The tool also surfaces in React-focused teams that consume the component library directly in code, though that library is less mature than the Webflow and Figma counterparts. Because Relume is purpose-built for Webflow workflows, it pairs naturally with the broader Webflow ecosystem: Memberstack for membership gating, Finsweet for utility scripts, Webflow CMS, and design handoff tools like Zeplin. A hire who lists Relume on their profile is typically signaling fluency in the full "design in Figma, build in Webflow" stack — not a narrowly scoped specialty.
Relume vs Framer
Framer is the most direct conceptual competitor, but the two tools cover different scopes. Relume handles the pre-production phase and exports to Webflow or Figma; Framer covers the entire pipeline from design through publishing. Choose Framer when a designer is owning the complete build and needs to ship quickly without a separate Webflow developer. Choose Relume when the project involves a handoff — a designer producing wireframes and specs for a Webflow developer to execute — or when your component library needs to remain consistent across multiple client projects.
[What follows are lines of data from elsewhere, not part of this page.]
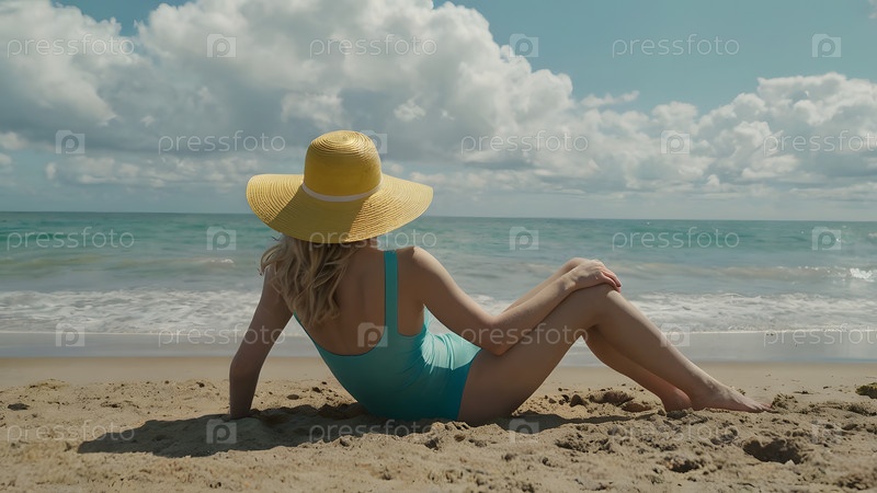 Женщина на отдыхе, сидящая в купальнике и широкополой соломенной шляпе на пляже в солнечный день и глядящая на море
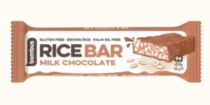 Tyčinka z hnedej ryže s mliečnou čokoládou. Zloženie: mliečna čokoláda 68% (belgická) [kakaové maslo*, cukor, sušené plnotučné mlieko, kakaová hmota*, emulgátor: sójový lecitín, prírodná vanilková aróma], celozrnná …
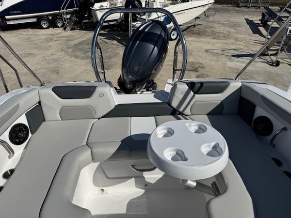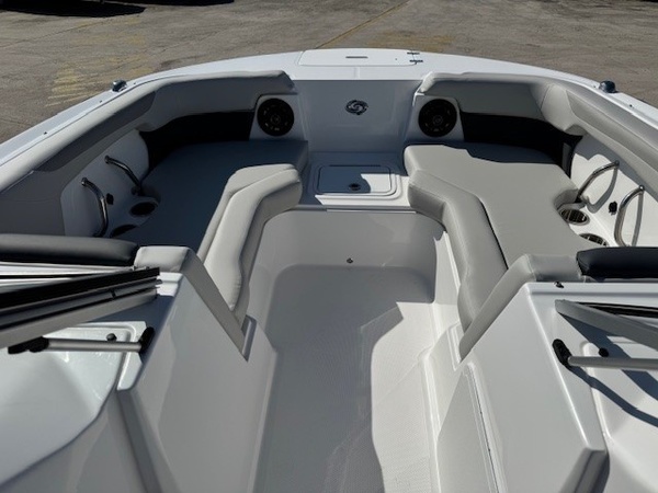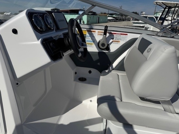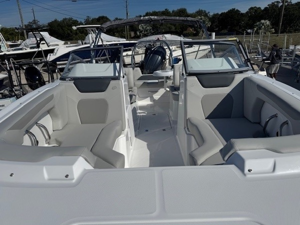 Hull (Full Hull - Pacific) upgradeYamaha F150XD 150HPEngine: Install - 150HP and LowerRigging - YamahaPreferred Options Package - Boat Cover & Stern Wash DownSS Rubrail (White) w/ SS Insert & SS Canopy Frame - SS Rubrail (White), SS Cupholders, Pull-up Cleats (4), SS Fuel Cap, SS Canopy Frame, SS Grab Handle, SS Fuel FillCaptain's Seat - Built in Seat with BolsterGarmin Gpsmap 743xsv: External Transducer - 7"" Fishfinder/Chartplotter w/ Saltwater SD CardGlovebox - White Lockable GloveboxWindshield CatchRound Table: WhiteDeluxe Ski Tow - cage styleTrailer NOT includedBoaters Exchange DiscountJANUARY 2026 Factory Rebate Boat Only PriceSteering - Sea Star Hydraulic - Tilt Wheel: (Required for 150 HP +)Rubrail: White w/ Vinyl InsertAluminum Canopy Frame - with Protective BootAnchor LockerBilge Pump - AutomaticBow TelescopingDrilled TransomDual with TraysStern TelescopingStorage Tubs - Gel Coated FiberglassSwim Platform: HalfClarion Silver - CMM-20 Head Unit with LCD Display, Bluetooth, AUX Input, 4X25 W RMS Output and Four 6.5"" Speakers with Black Grilles(no Sirius/XM Option)Captain's Seat - Build in SeatDash Instrument Panel - Featuring fog Resistant Gauges: Speedometer: Fuel: Hour: Voltmeter: Tachometer: Horn & 12V OutletSteering Wheel - Standard - State Standard for Each ModelTrim Gauge with Engine PackageUSB A & C Chargers with Voltage Readout - Qty and Location Vary by ModelWindshield Frame: SilverCo-Captain Seat - Seat: Mate: Port Side**the Dealership is not Responsible for any Errors or Omissions Made in the List of Standard Features.**
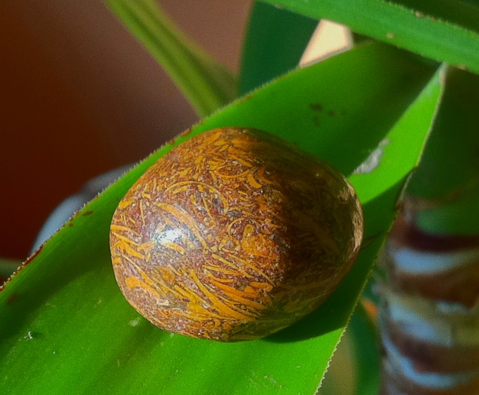 Der erste ist in Wirklichkeit noch kräftiger dunkelbraun in der Grundfarbe und relativ ist rund von der Form. Außerdem wirkt er eher matt, nicht glänzend.
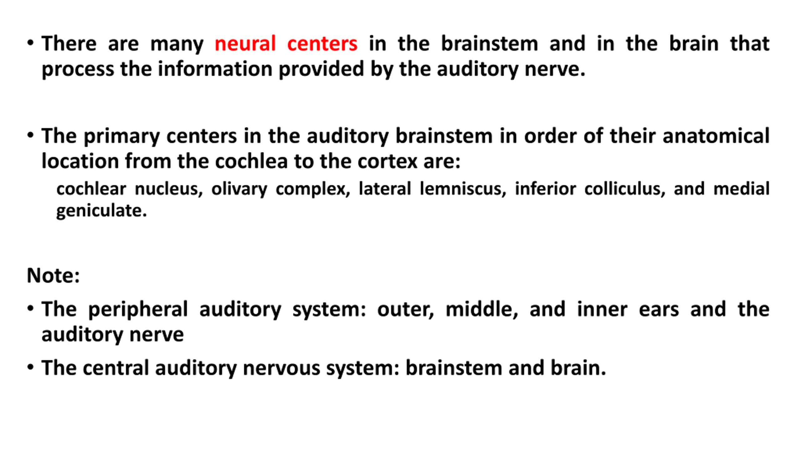 There are many neural centers in the brainstem and in the brain that process the information provided by the auditory nerve. The primary centers in the auditory brainstem in order of their anatomical location from the cochlea to the cortex are: cochlear nucleus, olivary complex, lateral lemniscus, inferior colliculus, and medial geniculate. Note: The peripheral auditory system: outer, middle, and inner ears and the auditory nerve The central auditory nervous system: brainstem and brain.
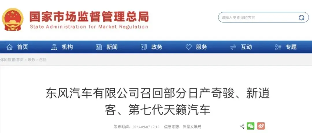 日产将自2023年12月30日起,召回2018年7月23日至2021年9月26日生产的部分奇骏、新逍客、第七代天籁,共计1188020辆。
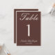Classy and elegant old money ivory and chocolate brown wedding table numbers. As you see it features a brown background with ivory script that match the whole suite.
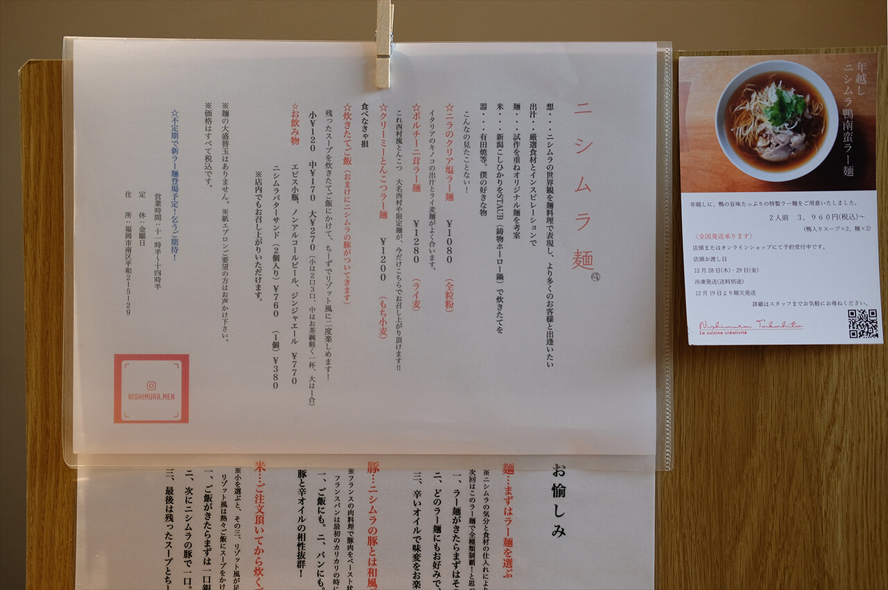 ※現在、【ニシムラ麺】をランチタイムに営業中。
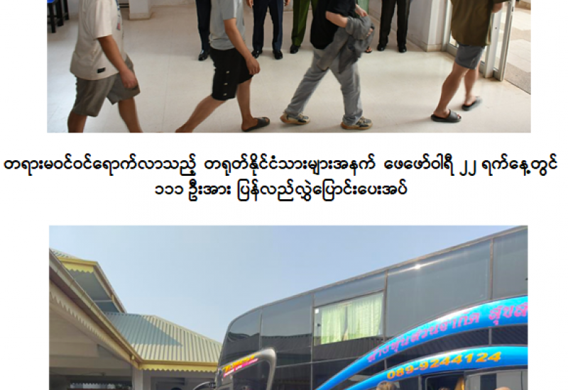 နိုင်ငံတော်အစိုးရအနေဖြင့် အွန်လိုင်းလိမ်လည်မှု (Telecom Fraud) နှင့် ဒုစရိုက်မှုလုပ်ငန်းများကို အိမ်နီးချင်းနိုင်ငံများအပါအဝင် နိုင်ငံတကာမှအဖွဲ့အစည်းများနှင့် ပူးပေါင်း၍ ပြတ်ပြတ်သားသား စုံစမ်းဖော်ထုတ်တိုက်ဖျက်လျက်ရှိပြီး အဆိုပါလုပ်ငန်းများတွင် ဆက်စပ်ပါဝင်ခဲ့ကြသည့် ပြည်ပနိုင်ငံသားများကို သက်ဆိုင်ရာနိုင်ငံများသို့ စနစ်တကျလွှဲပြောင်းပေးလျက်ရှိရာ ယနေ့တွင် တရုတ်နိုင်ငံသား (၁၁၁)ဦးကို မြန်မာ-ထိုင်း အမှတ်(၂) ချစ်ကြည်ရေးတံတားမှတစ်ဆင့် သက်ဆိုင်ရာနိုင်ငံသို့လည်းကောင်း၊ ထိုင်းနိုင်ငံသား (၁)ဦးကို မြန်မာ-ထိုင်း အမှတ်(၁) ချစ်ကြည်ရေးတံတားမှတစ်ဆင့် သက်ဆိုင်ရာနိုင်ငံသို့လည်းကောင်း လူသားချင်းစာနာထောက်ထားမှုနှင့် နိုင်ငံအချင်းချင်း ချစ်ကြည်ရင်းနှီးမှုတို့ကိုရှေးရှု၍ ဥပဒေလုပ်ထုံးလုပ်နည်းများနှင့်အညီ ပြည်နှင်လွှဲပြောင်းပေးခဲ့သည်။
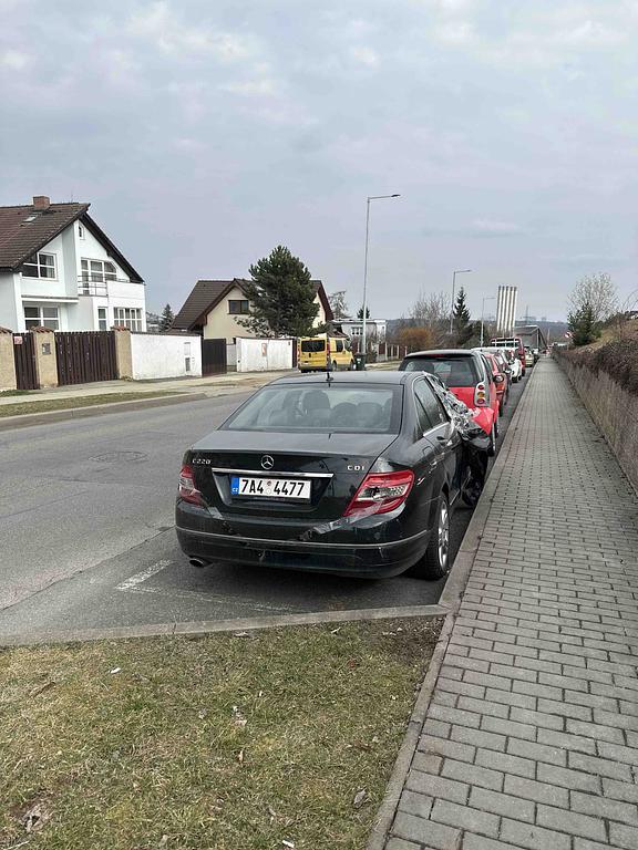 Nebezpečné osazený kontejner. Nevhodně povolený zábor.
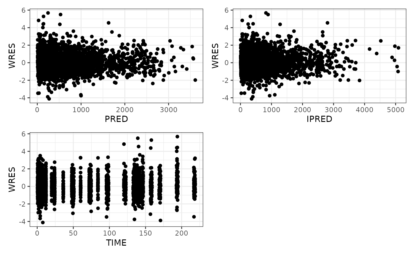 pm_scatter_list(data, y = "WRES", x = c("PRED", "IPRED", "TIME")) %>% pm_grid()
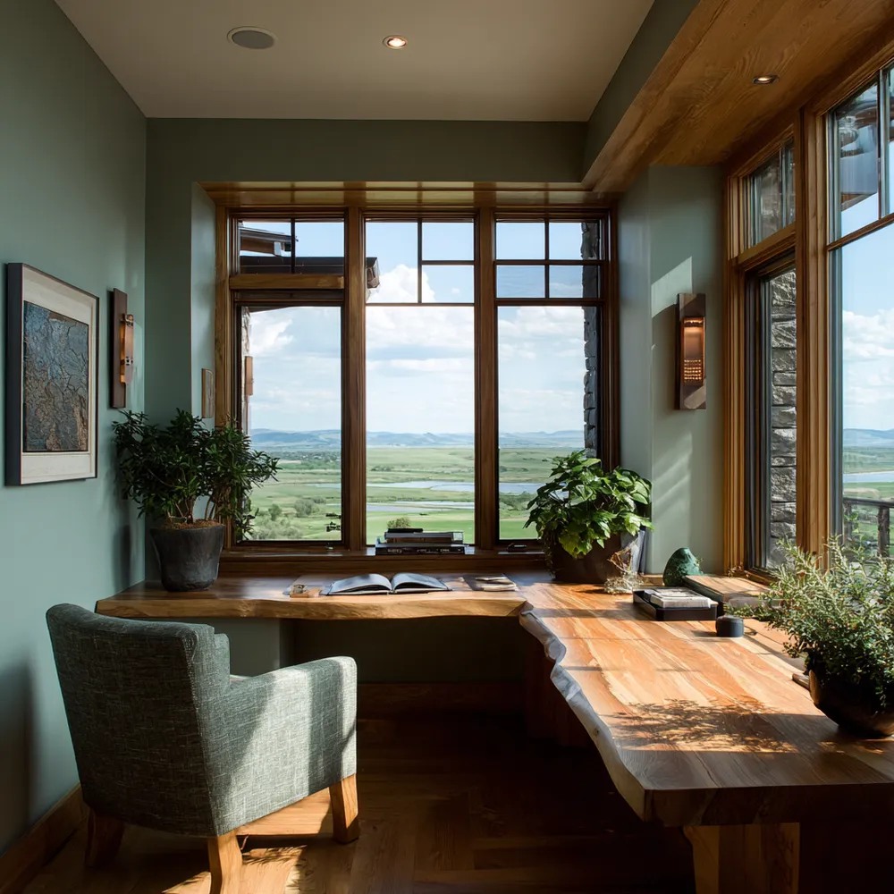 Create a home office that inspires productivity and tranquility by drawing from the essence of the American prairie – spaciousness, natural light, and organic materials. * **Natural Light Focus:** Position your desk near a window for views and sunlight. * **Earthy Color Palette:** Use muted greens, warm browns, and soft neutrals. * **Wood Elements:** A solid wood desk, shelving, or flooring. * **Comfortable Seating:** An ergonomic chair upholstered in natural fabric. * **Botanical Touches:** Potted plants to bring life and freshness indoors. Design a workspace that feels as expansive and calm as the open land. Save this for your home office inspo! ✨
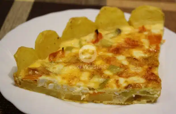 Чушките нарязваме на ситно. Смесваме ги с натрошеното на едро сирене. Прибавяме и яйцата. Получената смес изсипваме върху картофите. Печем за около 20 минути. Поднасяме на триъгълни парчета.
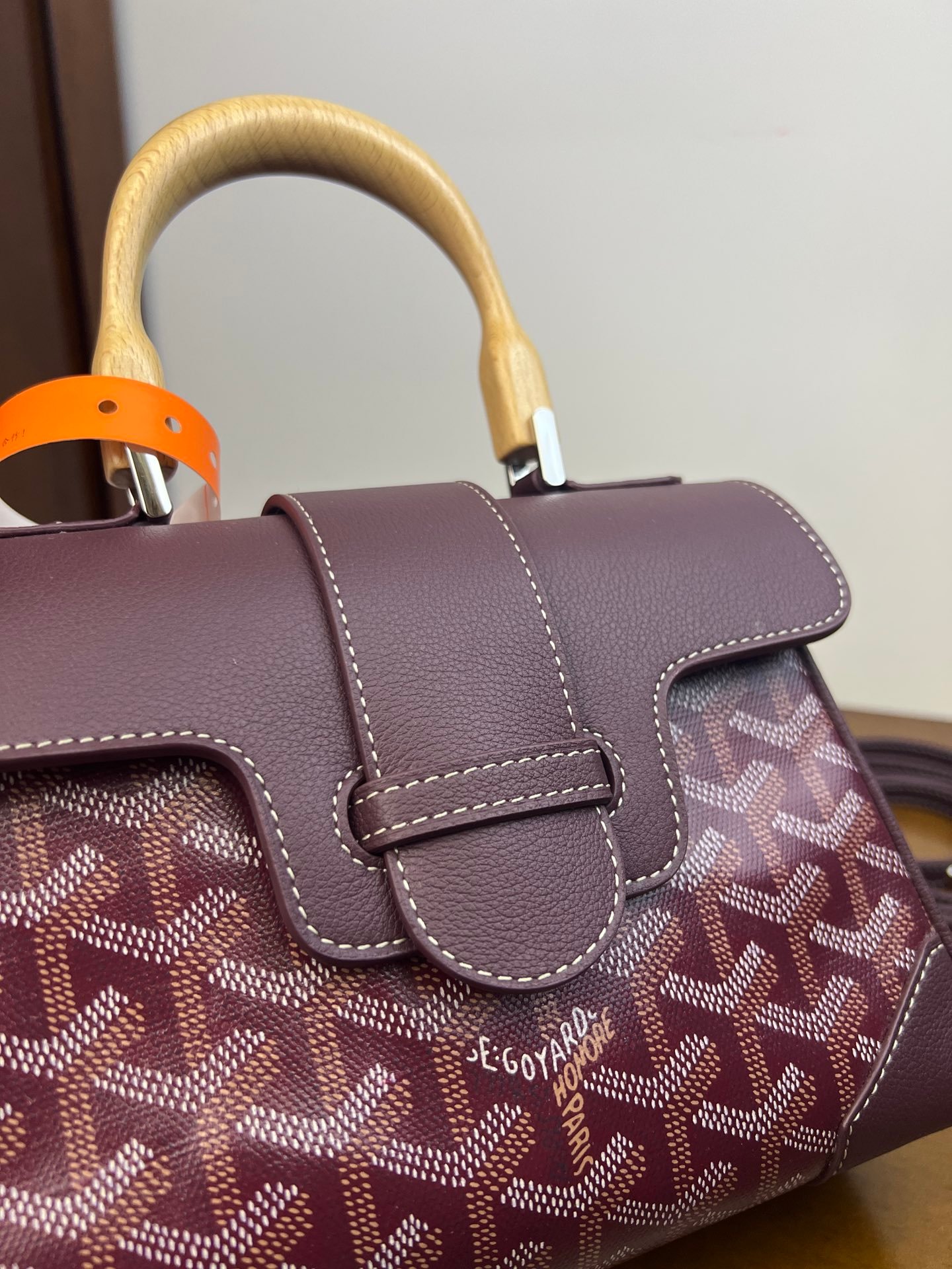 Exclusive original leather ~ OEM grade high version ~ nGoyard mini Saigon soft leather Saigon bag Symbolizing love, elegance, and sophistication of the Saigon bag! Low-profile workmanship and perfect, this bag is elegant retro and no loss of flavor makes it hard to refuse the style, carry is beyond imagination light ~ Material: wood glazed handle with imported first layer cowhide, Size: 20×14.5 x 9cm, plus the wooden handle a total height of 25cm n
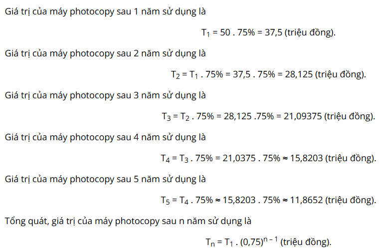 Giá trị của máy photocopy sau mỗi năm sẽ giảm đi 10% so với giá trị của năm liền trước đó. Ta có thể tính giá trị còn lại của máy photocopy sau mỗi năm theo công thức:
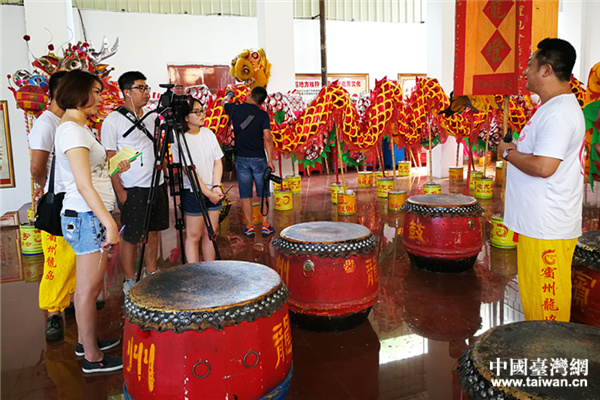 制組采訪賓陽(yáng)賓州炮龍協(xié)會(huì)常務(wù)副會(huì)長(zhǎng)、龍隊(duì)隊(duì)長(zhǎng)莫鐘。(圖片來(lái)源:南寧市臺(tái)辦)
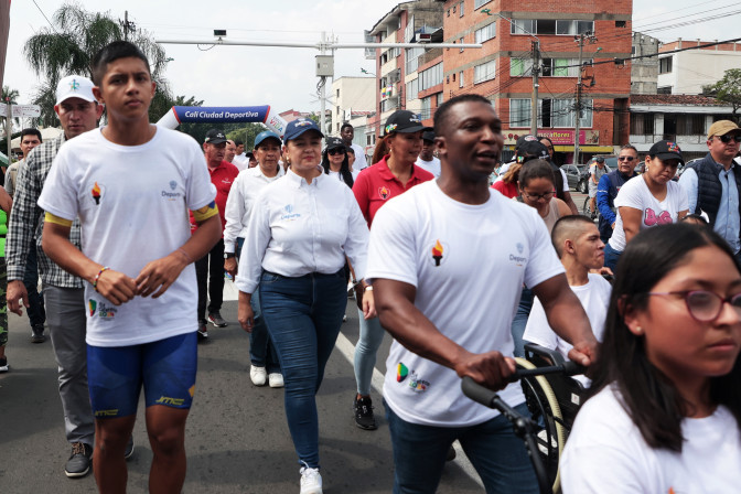 Ellos reafirmaron el compromiso de trabajar unidos por un objetivo común: el éxito de los primeros Juegos Nacionales Juveniles, una edición histórica que reunirá a atletas y para atletas de 32 departamentos, Bogotá y la Federación Deportiva Militar en 34 deportes olímpicos y 12 paralímpicos.Tras encenderse en la Laguna Negra del Parque Nacional Natural de Los Nevados, el Fuego Deportivo llegó a Cali, donde recorrió 1,400 metros desde la Villa Deportiva hasta las Piscinas Hernando Botero. En cinco relevos, atletas y Para atletas vallecaucanos llevaron con orgullo la llama que simboliza la pasión y el espíritu de los Juegos.Este trayecto fue engalanado por Juan Sebastián Scarpetta (puesto 20 del mundo en lanzamiento de martillo), Nicoll Torres, Mariana Guerrero (campeona panamericana de Para natación en Santiago 2023), Leidy y Edilson Chica (medallistas de oro en Boccia en Paris 2024) y Santiago Vásquez (campeón mundial juvenil de patinaje de carreras). Estos atletas avanzaron ante una multitud que celebraba en la ciclovía dominical de Cali. Además, también estuvieron los pesistas Diego Salazar y Óscar Figueroa.

Webflow's own AI and Marketplace components exist but are not as systematically organized or AI-driven as Relume's library. Relume is best understood as an accelerant layered on top of Webflow, not a replacement for it.
Pricing
Relume offers a Free plan with limited component access and restricted AI generations — sufficient for evaluating the tool but not for production use. Paid plans (as of early 2026): Starter at approximately $18/user/month billed annually, covering full library access and core AI features. Team at approximately $36/month (minimum three users) adds collaboration features. Pro at approximately $40/user/month unlocks full AI access and priority updates. Annual billing carries roughly a 15% discount over monthly. Pricing has shifted across plan restructures, so the official pricing page should be treated as the source of truth.
Real Limitations Worth Knowing
Relume's platform constraint is its most significant limitation: it only exports to Webflow and Figma. Teams on WordPress, Shopify, or any other platform cannot use Relume in any meaningful way without rebuilding the output from scratch.
Component reliability is a consistent pain point. Roughly a third of components encounter export friction — some arrive in Webflow as custom blocks that the Relume side-editor can no longer modify, requiring manual reconstruction that erodes the time savings the tool promises. Output quality is also heavily prompt-dependent; vague descriptions produce generic structures that require significant rework before they're presentable.
For smaller, straightforward marketing sites, the overhead of setting up a Relume project and managing the export can add time rather than save it. Relume's leverage grows with project complexity and page count — a 30-page marketing site benefits far more than a 5-page brochureware build. The 500,000+ websites figure frequently cited in Relume's marketing reflects all-time component usage, not the active paying subscriber count, which is substantially smaller and concentrated within the Webflow professional community.
The Bottom Line
Relume has earned a genuine place in the Webflow agency stack by solving a real problem: the early-project slog of building sitemaps and wireframes from scratch. Its value scales with project complexity and team size — the more pages, the more clients, the more it pays off. For companies hiring through Pangea, Relume proficiency signals a designer who understands structured, handoff-ready workflows and can compress the scoping phase of a project without sacrificing quality. It's a specialist skill, but one that's become table stakes for serious Webflow practitioners.